Cruz picked up a line of questioning from Tuesday night on transgender athletes, demanding that Jackson define what a woman is. Sen. Tom Cotton, R-Ark., pressed her broadly on criminal sentencing and all but accused her of lying when she said she did not recall one particular case. The Republican National Committee stuck with its allegations that Jackson was racially divisive.
“The conservative movement should be alarmed not only by her record as an activist judge, but by her willingness to advocate for the divisive anti-American concepts like critical race theory,” said Matt Schlapp, a close ally of former President Donald Trump and chair of the Conservative Political Action Conference.
In a notable development, Jackson, a Harvard graduate who is completing a six-year term on the university’s Board of Overseers, said that if she were confirmed, she would recuse herself from a marquee case: a challenge to Harvard’s race-conscious admissions policies that the court will consider in its next term, which starts in October.
Advertisement
But the heart of the Republicans’ attack was child sex crimes, a fraught, deeply uncomfortable subject that speaks to all Americans but carries special weight with the conservative fringe, fed on a diet of false QAnon conspiracy theories that hold that a cabal of pedophiles rule Washington.
Republicans far beyond the Judiciary Committee were clearly aiming not just at animating their own voters but at possibly peeling away one or two Senate Democrats — most likely Sens. Joe Manchin of West Virginia or Kyrsten Sinema of Arizona — and imperiling Jackson’s elevation to the Supreme Court.
“Can Joe Manchin explain to West Virginians why he’s supporting this pedophile apologist?” Donald Trump Jr., the former president’s son, demanded on Twitter.
To keep the heat on, Cruz pressed Jackson for case-specific details on her sentencing of those charged with sexual abuse, pointing to one instance in which she gave a defendant two years in jail when the sentencing guideline was about seven years.

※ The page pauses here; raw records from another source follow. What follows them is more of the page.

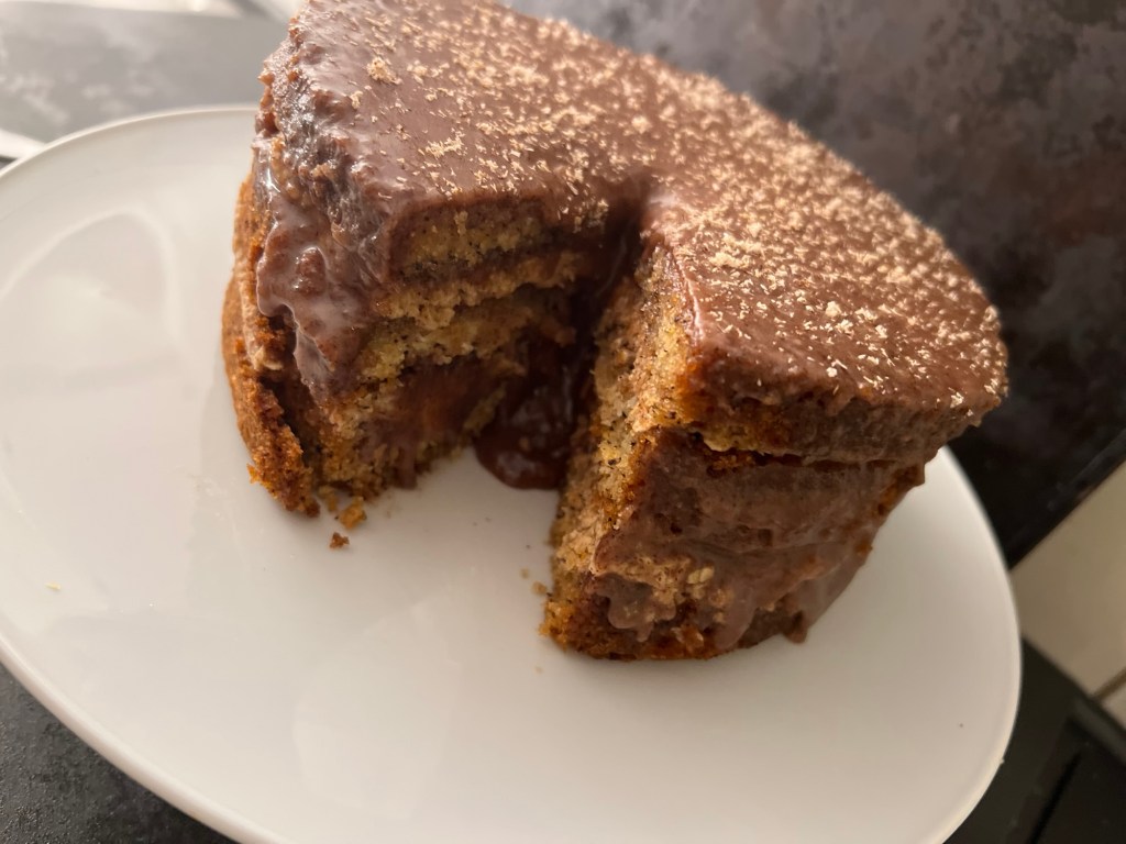 Jag fick under hösten en förfrågan om att göra en glutenfri version av Taylor Swifts trendande cookies. En chaikryddad luftig torr kaka med en glasyr som smakar kanel och toppad med nyriven muskot. Ett recept som jag ännu inte är helt nöjd med, framförallt för att kakan behöver bli lite bättre. Men smakerna är så bra tillsammans, lätta, kryddiga, mjuka och varma. Så till min frus födelsedag i början av november bakade jag en tårta, inspirerad av dessa kakor, den blev verkligen bra. Jag använder mig av en favoritmetod med bottnar som varvas med glasyr och en ”chokladbollssmet”, denna gången minus chokladen.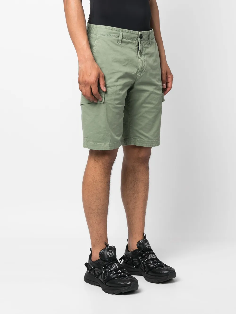 Светло-оливковый, эластичный хлопок, знаковая деталь в виде компаса, нашивка с логотипом сбоку, застежка на молнии и пуговице спереди, два вшитых кармана по бокам, два накладных кармана по бокам, задние карманы с листочкой и длина выше колена.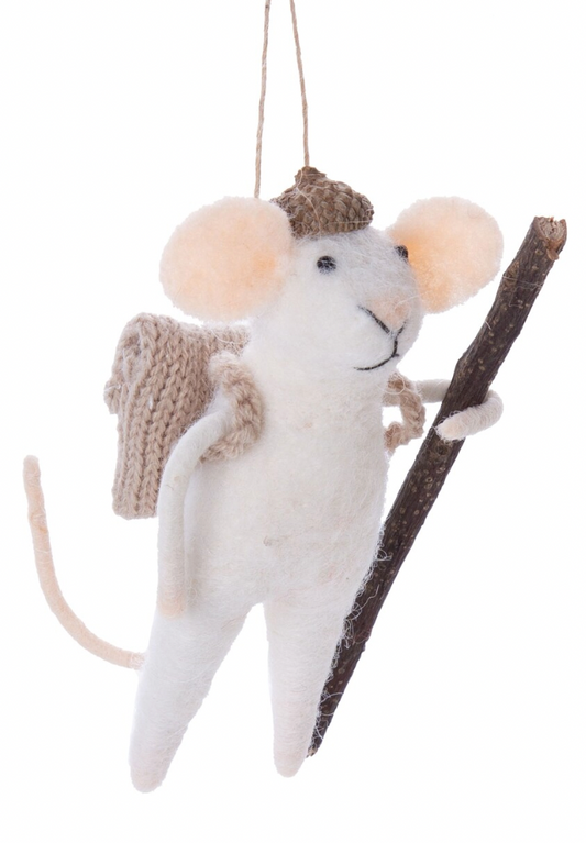 F5 - Felt Mouse with Pearl Necklace & White Feather Tutu Ornament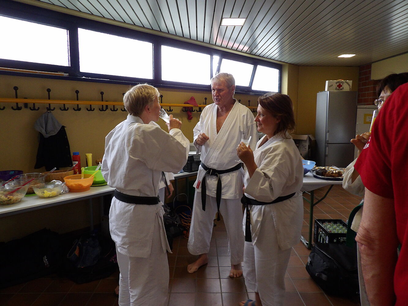 Der Dojoleiter dankte den Teilnehmern für ihr Kommen und den Dojo-Mitgliedern und Helfern für ihren Einsatz, durch den eine solche Veranstaltung erst möglich wird. Er lud abschließend auf ein Glas Sekt ein, was jedoch viele erst nach dem optionalen Hanbo- Training in Anspruch nahmen.

“I’m asking you to take the opportunity to explain to this committee and the American people why in 100% of the cases you have people with vile crimes, and you have language saying they are vile crimes, but then you sentence them to very, very low sentences,” Cruz said.
He was followed by Sen. Josh Hawley, R-Mo., who originally raised the sentencing issue before the hearings. Hawley repeatedly demanded that Jackson say whether she regretted giving a “slap on the wrist” to another offender, Wesley Hawkins, who Hawley said was arrested again after his release.
Advertisement
“What I regret,” she replied, “is that in a hearing about my qualifications to be a justice on the Supreme Court, we have spent a lot of time focusing on this small subset of my sentences.”
Jackson said that she had handed down sentences, some longer than 25 and 30 years, in more than 100 cases. “I’ve said what I’m going to say about these cases,” she said at one point. “No one case can stand in for a judge’s entire record.”
Democrats also sought to rebut the claims that Jackson’s sentencing history was extreme, noting that it fell in the mainstream of federal judges. Sen. Chris Coons, D-Del., called the Republican assault “an attempt to distract from your broad support, your deep record, your outstanding intellectual and legal credentials.”
Whether the line of attack will have any impact is unclear. Manchin was in Paris for an international energy conference and had no comment on the hearings. Sinema did not respond to a request for comment.
Three Republicans voted less than a year ago to elevate Jackson to the appellate court, but Graham appeared disinclined to repeat his vote. Sen. Susan Collins, R-Maine, said she was still studying the matter, and Sen. Lisa Murkowski, R-Alaska, could not be reached for comment.
Another undecided Republican, Sen. Mitt Romney of Utah, said he would be meeting with Jackson after the hearings and would make his decision afterward.